My startup YesGraph just went through the Winter 2015 batch of Y Combinator. This is actually my second time, after going in Winter 2008 for my first startup Tipjoy. A lot changed and a lot stayed the same, so lets walk through it.

bttf22

Size

The W08 batch had 21 companies. The W15 Batch was 116. You can probably guess what needed to change for this to work. Size is in the background of this entire post.

Focus

YC is all about a focused effort to build your startup. They’ve refined how they phrase this, but the intent is that you exclusively:

  • Code and talk to customers
  • Eat, sleep, and exercise

You should do these at the exclusion of everything else, including hiring, fundraising, long term biz dev, conferences, vacation (obviously), and anything that isn’t about your health or your company’s core health.

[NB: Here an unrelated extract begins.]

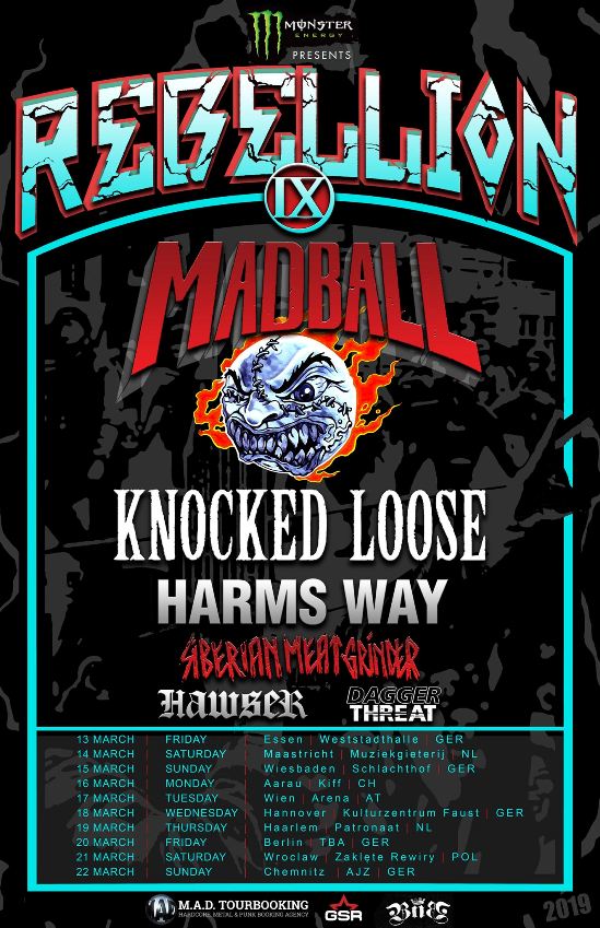 Madball, Knocked Loose, Harm’s Way, Siberian Meatgrinder, Hawser, and Dagger Threat have cancelled their European tour due to the coronavirus pandemic. The following statement was issued:
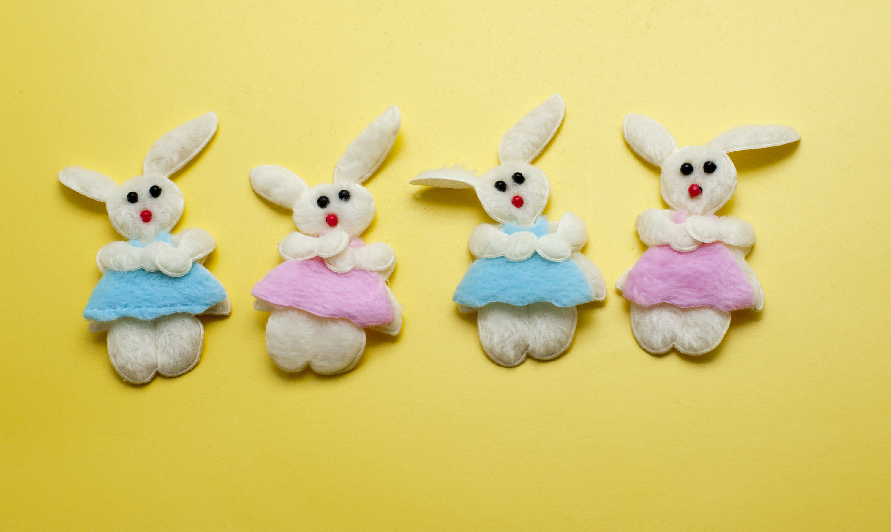 Four decorative needlework Easter Bunnies of soft felt wearing pink and blue garments on a yellow background

The hiring bit was tough for me in W15 because we raised $1M before YC. I was eager but I’m only now ramping up. In W08, we’d raised $50K from friends and family, making it a non issue.

Partners

YC went from the 4 founding partners to over 20 full time and many part time. Paul Buchheit was always around in W08, though I don’t know if he was an official part time partner. He invested in and gave advice to the companies in the batch (thanks Paul!). Carolynn Levy was still at WSGR, but came by to give advice. Kate Courteau was also around, but again not officially besides doing all the great architectural work of the space.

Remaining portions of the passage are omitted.